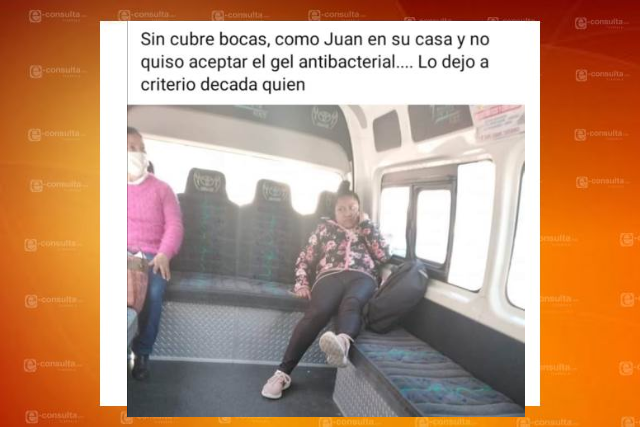 “La señorita todavía nos ofendió y prácticamente se acostó en los asientos de la combi, a pesar de que se le pidió que se pusiera gel y cubrebocas o se bajara”, denunciaron.
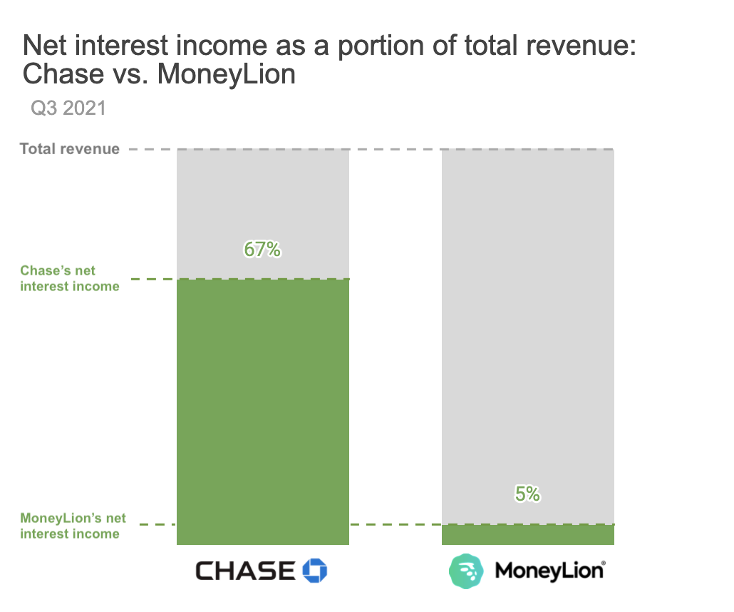 Neobanks operate on a different business model, primarily earning money from payment interchange and customer fees. Net interest income (NII) isn’t lucrative for neobanks because the activities that generate NII are only profitable if they’ve obtained a bank charter, which is– simply put– a huge pain in the ass. So neobanks like MoneyLion will wrap a partner bank that provides the underlying banking products through their own charter (in MoneyLion’s case, MetaBank). This helps neobanks avoid a lot of headache in getting to market but means that they miss out on net interest income, which is one of the largest revenue drivers in the traditional banking model.
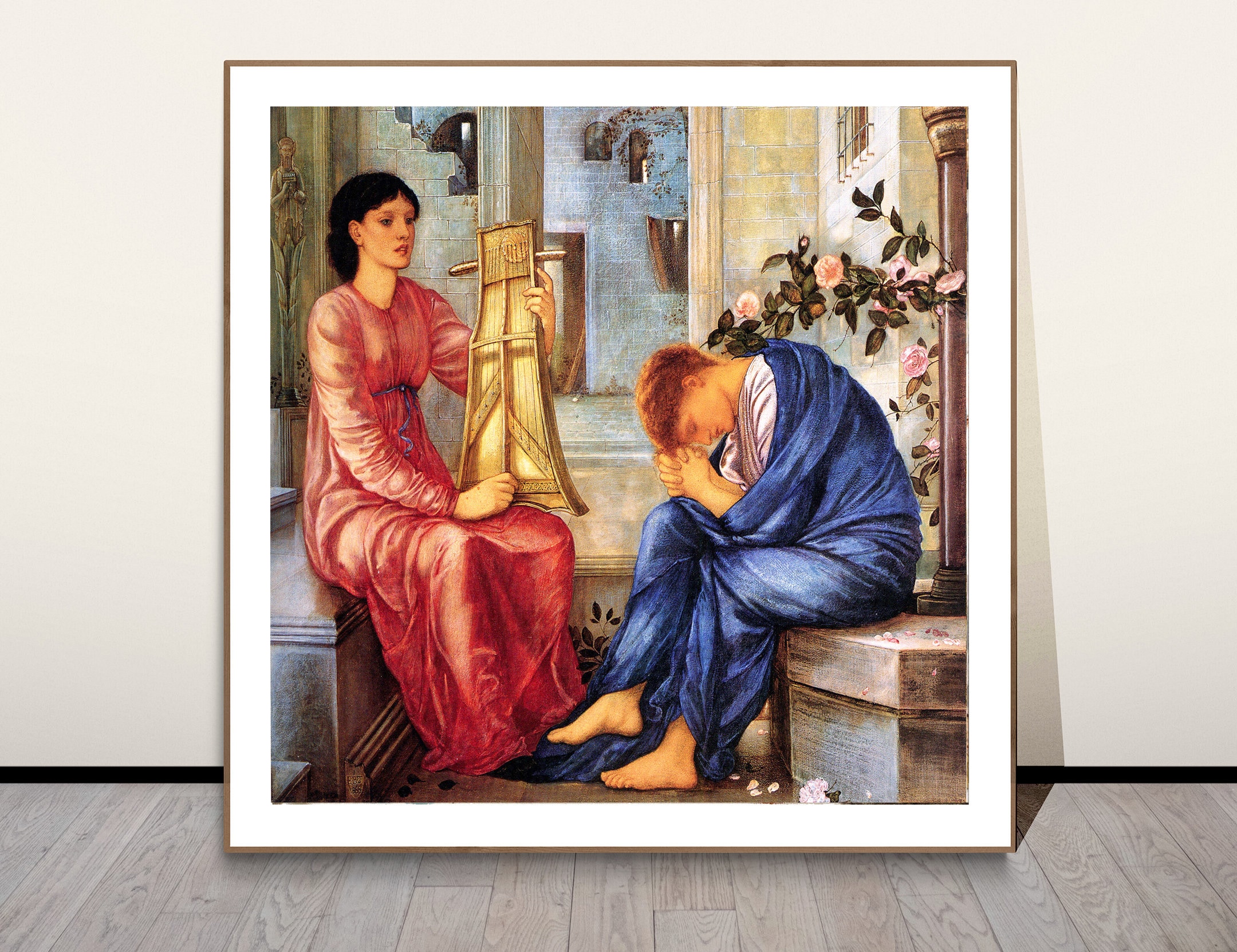 The Lament by Edward Burne Jones Fine Art Print - Romanticism Style, Classical Art, Musician Painting
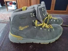 Danner Mountain 600 boots in hazelwood yellow, size 11, featuring a Vibram sole, Megagrip compound, self-adaptive lug, flex lines, and waterproof material. These boots are perfect for various occasions such as activewear, casual, and workwear. The round toe shape, lace-up closure, and ankle shaft style make them comfortable and easy to wear. These boots are made of high-quality leather, synthetic lining material, and foam insole material. They are suitable for all seasons, including winter, summer, fall, and spring. The Danner Trail product line was made in Vietnam and is a great choice for outdoor enthusiasts. EXCELLENT CONDITION
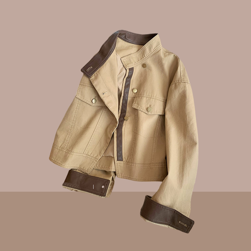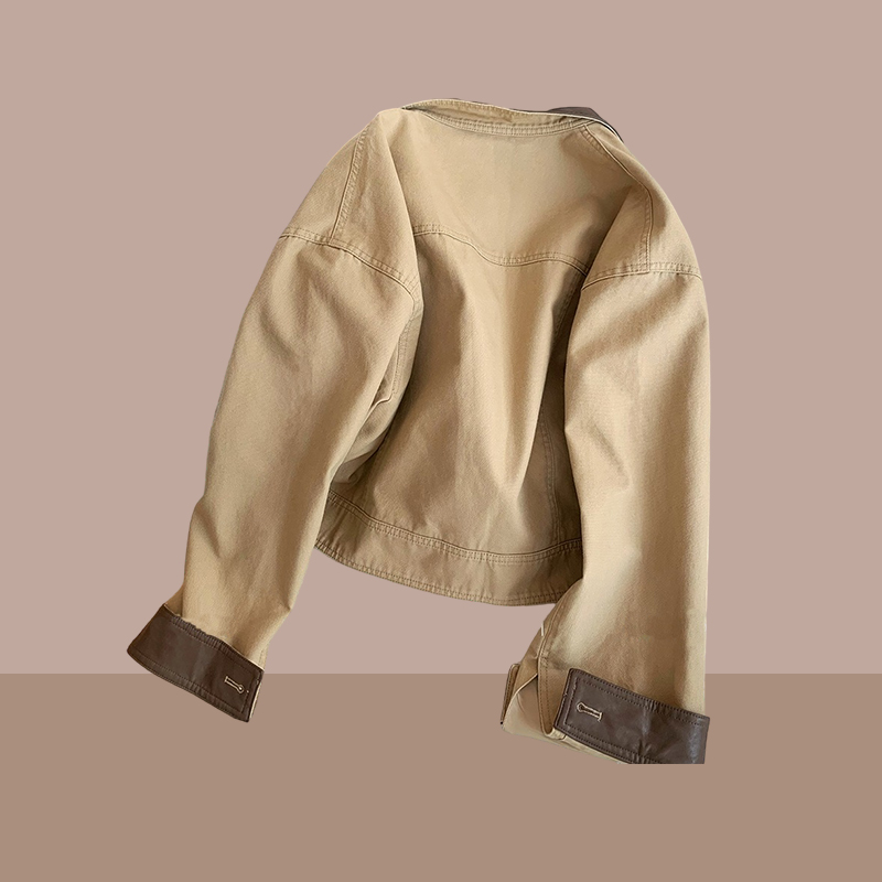 复古卡其色重工拼皮工装外套女2025秋季新款高级感机车服短款夹克

--------

The entries above need an exact copy without their pictures.

(RESPONSE FOR THIS EXERCISE)
 “La señorita todavía nos ofendió y prácticamente se acostó en los asientos de la combi, a pesar de que se le pidió que se pusiera gel y cubrebocas o se bajara”, denunciaron.
 Neobanks operate on a different business model, primarily earning money from payment interchange and customer fees. Net interest income (NII) isn’t lucrative for neobanks because the activities that generate NII are only profitable if they’ve obtained a bank charter, which is– simply put– a huge pain in the ass. So neobanks like MoneyLion will wrap a partner bank that provides the underlying banking products through their own charter (in MoneyLion’s case, MetaBank). This helps neobanks avoid a lot of headache in getting to market but means that they miss out on net interest income, which is one of the largest revenue drivers in the traditional banking model.
 The Lament by Edward Burne Jones Fine Art Print - Romanticism Style, Classical Art, Musician Painting
 Danner Mountain 600 boots in hazelwood yellow, size 11, featuring a Vibram sole, Megagrip compound, self-adaptive lug, flex lines, and waterproof material. These boots are perfect for various occasions such as activewear, casual, and workwear. The round toe shape, lace-up closure, and ankle shaft style make them comfortable and easy to wear. These boots are made of high-quality leather, synthetic lining material, and foam insole material. They are suitable for all seasons, including winter, summer, fall, and spring. The Danner Trail product line was made in Vietnam and is a great choice for outdoor enthusiasts. EXCELLENT CONDITION
 复古卡其色重工拼皮工装外套女2025秋季新款高级感机车服短款夹克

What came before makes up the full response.